Под конец первого года в университете я наконец взял себя в руки и начал понемногу заниматься предметами своего курса и вечерами посиживал дома. Но учился с перерывами, так как очень много тогда читал (опять перечел Достоевского и один за другим поглощал романы Золя), и по-настоящему засел за науки весной перед экзаменами.
Готовясь к экзаменам, я всегда делал подробные конспекты, причем их часто разрисовывал цветными карандашами, и это помогало усваивать самые абстрактные понятия и системы, так как зрительно я все гораздо лучше запоминал и усваивал, чем по слуху. Перед самыми экзаменами я стал заниматься вместе с одним из моих однокурсников, и мы экзаменовали друг друга. Для этого я ходил к нему на Пушкинскую и часто даже оставался ночевать в его меблированных комнатах, где за обоями невероятно противно шуршали тараканы.

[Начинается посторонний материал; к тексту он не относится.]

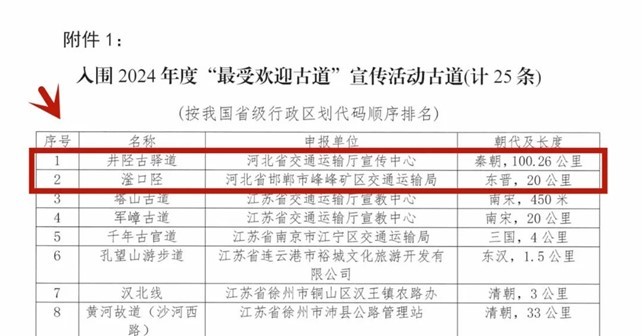河青新闻网讯 12月5日,记者从河北省交通运输厅获悉,我省井陉古驿道与滏口陉入围2024年度“最受欢迎古道”入围名单(见下图)。
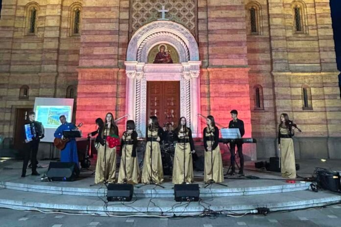 Učenici gradiške Gimnazije okupljeni u orkestar sekcije duhovne muzike večeras su na platou ispred Hrama Hrista Spasitelja u Banjaluci održali koncert povodom obilježavanja Zlatnog septembra, mjeseca podrške djeci oboljeloj od raka.
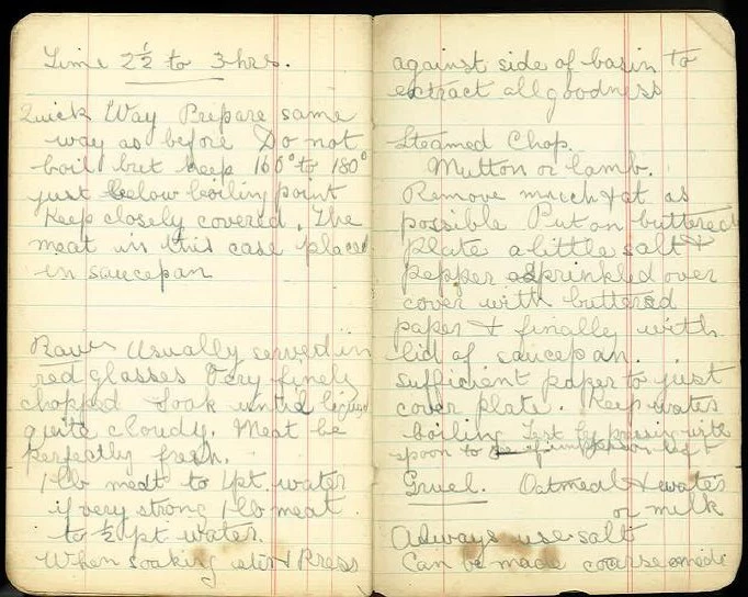 fan hyna oedd yn eiddo i Phryswith Matthews – merch saer olwynion pentre Sain Ffagan. Mae’r llyfryn yn llawn ryseitiau, gan gynnwys prydau bwyd addas i gleifion. Bu Phryswith mewn darlith ar ‘invalid cookery’ ar 6 Ionawr 1914 – mae’i nodiadau o’r ddarlith honno yn y llyfryn. Yn ystod y Rhyfel Mawr, roedd hi’n gweithio fel nyrs VAD yn Ysbyty’r Groes Goch ar dir Castell Sain Ffagan. Gallwch weld rhagor o wrthrychau a lluniau sy’n gysylltiedig â stori'r ysbyty ar ein gwefan.

Больше всего меня заинтересовала философия и энциклопедия права. Все-таки благодаря собственному чтению еще в гимназии и отчасти дружбе в Вильне с Алешей Рогаль-Левицким, очень развитым и умным юношей, я кое-что усвоил из разных философских учений, имел понятие о Платоне и Аристотеле[249], а также о Гегеле[250], так что хоть очень немного, но был подготовлен к этому предмету, весьма трудному для новичка.

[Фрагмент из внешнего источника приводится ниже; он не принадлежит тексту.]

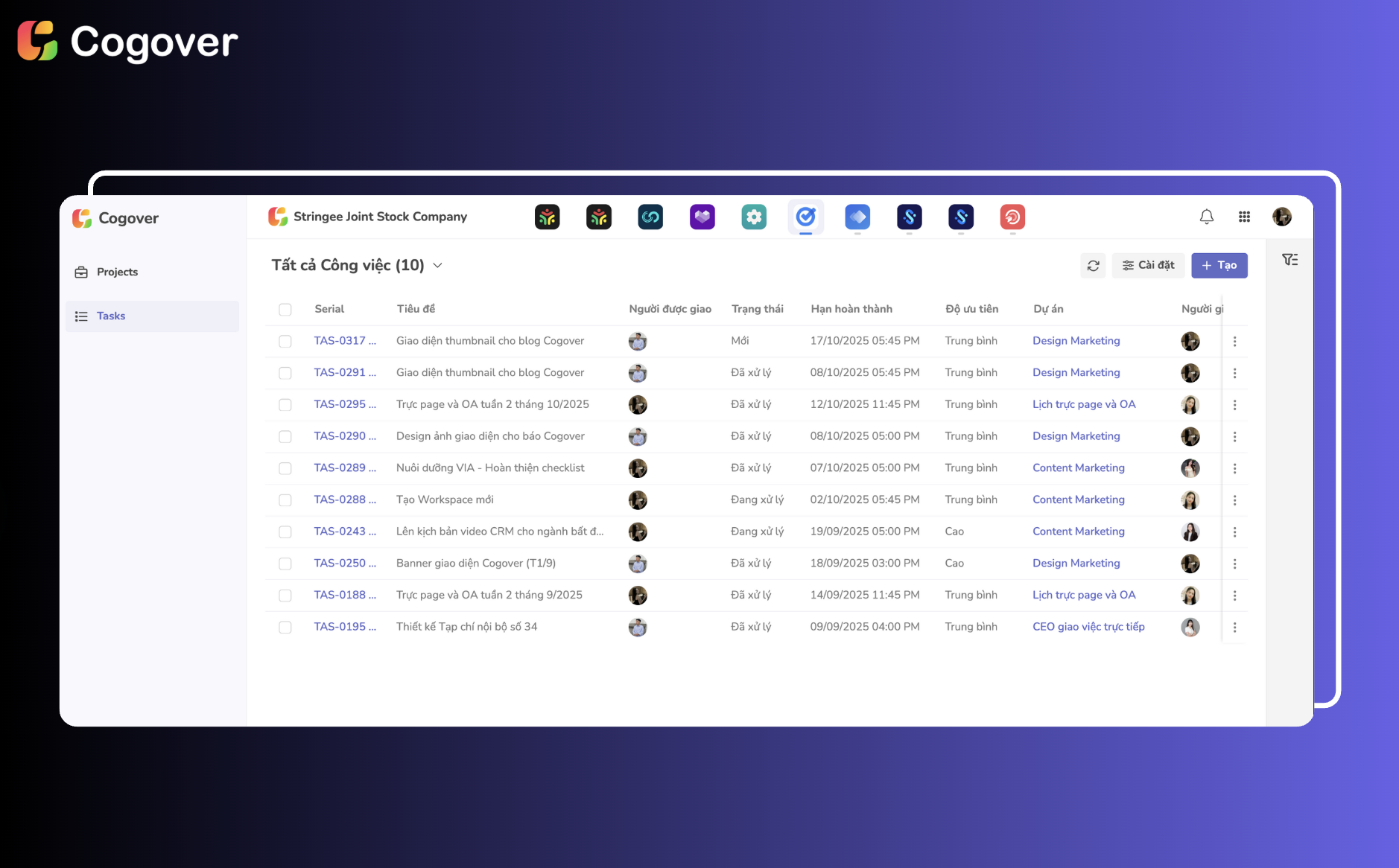 Cogover Task giúp doanh nghiệp hiện đại hóa cách làm việc, quản lý deliverable khoa học hơn, tiết kiệm thời gian và đảm bảo mọi cam kết bàn giao đều được thực hiện đúng người - đúng hạn - đúng chất lượng.
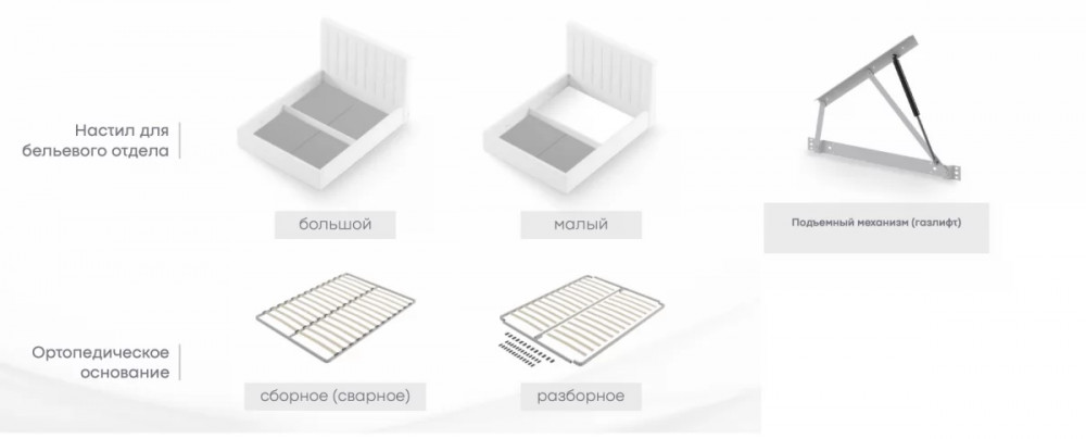ОснованиеОснование ортопедическое разборное, Настил напольный ЛДСП (большой), Настил напольный ЛДСП (малый), Основание ортопедическое сборное

Регулярно работать я себя не приучил за все университетские годы, но переходил с курса на курс благополучно, лишь на первом курсе провалился у Коркунова (как раз по энциклопедии права, которая меня наиболее интересовала!). Но это катастрофой не было, так как экзамен был перенесен на следующий курс, «заложен», по студенческому выражению. Провалиться было немудрено — Коркунов был настоящий инквизитор. Самое ужасное было то, что студент должен был сам отвечать на вопросы, помеченные на вытянутом билете, а страшный профессор молчал, глядя на него в упор выпученными оловянными глазами, шевелил рыжими усами и делал судорожные гримасы. Экзаменовавшийся под этим «взглядом василиска» скоро увядал и получал — или безапелляционный «кол», или неожиданное «весьма».

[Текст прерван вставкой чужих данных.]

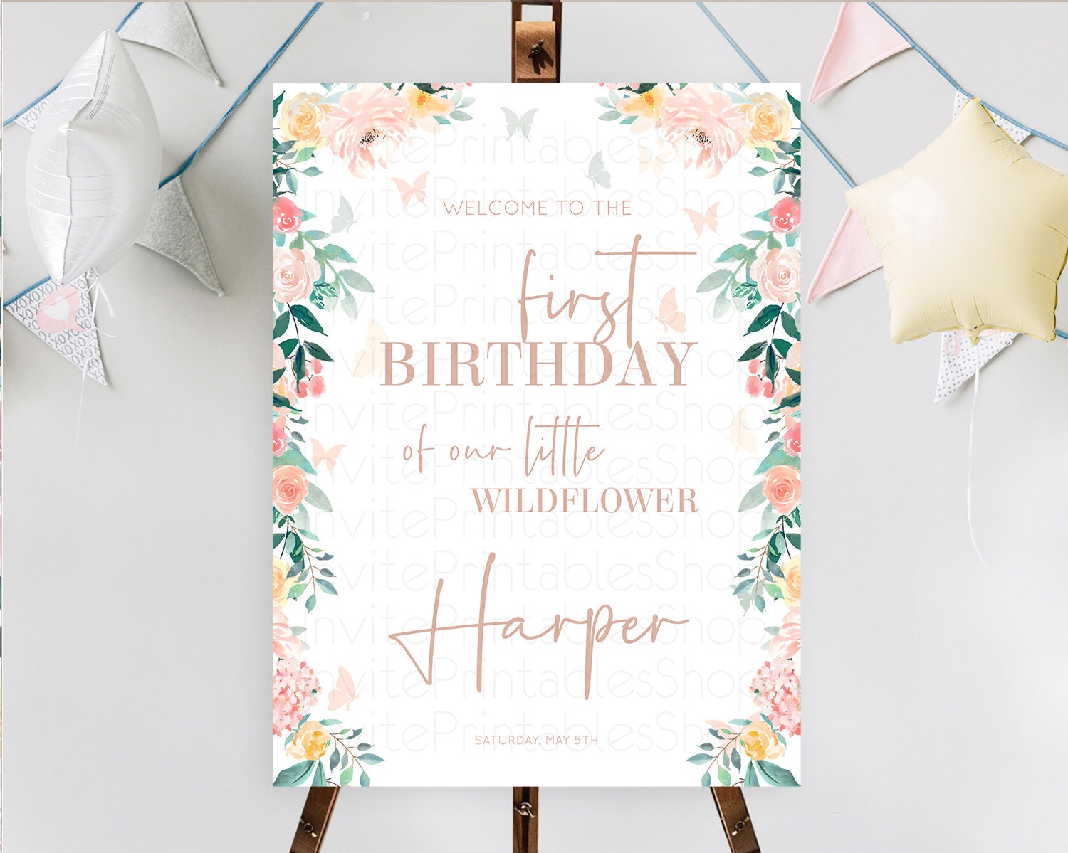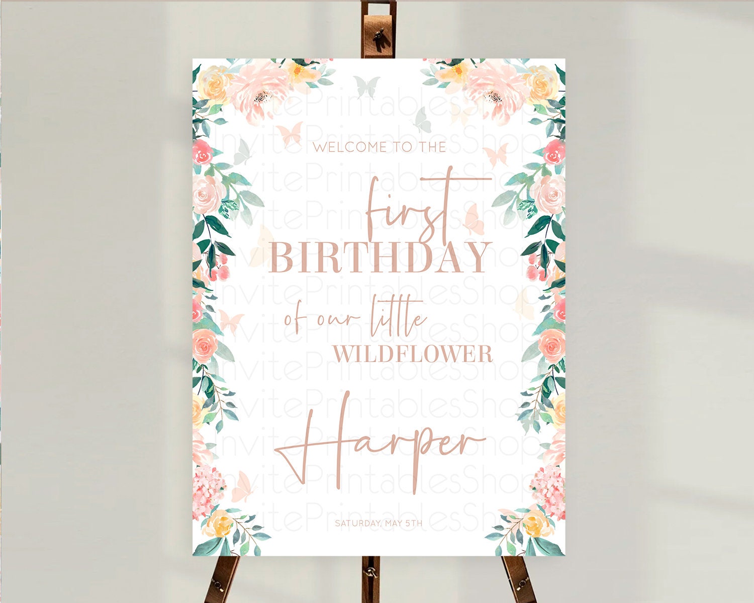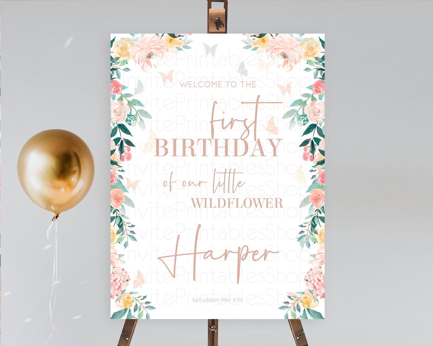 Secret Garden Welcome Sign Wildflower Welcome Board Pastel Flower Garden Welcome Poster Boho Wildflower First Birthday Welcome Sign D10706

От времени этих первых переходных экзаменов осталось в общем приятное воспоминание, тем более что они окончились благополучно. Весна с запахом тополей проникала в мою студенческую комнату, стояли белые ночи, которые я так любил, а между экзаменами раза два ездил в Павловск на музыку; там в парке, на вокзале, давались традиционные симфонические концерты, в то время под управлением Главача[251]. Парк был в белую ночь полон поэзии, и «Valse Fantasie» Глинки связался навсегда для меня с этим чудным Павловским парком.
Перед тем как направиться в деревню на лето к матери, я заехал в Новгород погостить у моего дяди Евстафия, переведенного туда на службу из Петербурга. Но из моих родных по матери в Новгороде уже никого не было. В призрачном тихом свете белых ночей Святая София с ее шлемами-куполами и серебряным голубком на кресте была сказочно красива… Я заглянул на мою сонную Прусскую улицу, она так же мирно зарастала травой, поглядел я и на дом, где родился. Но там жили уже другие люди.
То лето у моей матери ничем не ознаменовалось[252].
Покинув деревню в начале сентября, заехал в Москву, побывал в Малом театре на Островском, а в Третьяковской галерее восхитился портретами Репина, поражен был картинами Ге и, кажется, впервые оценил Федотова[253].
Из Москвы я поехал в Нижний Новгород на открывшуюся там Всероссийскую выставку.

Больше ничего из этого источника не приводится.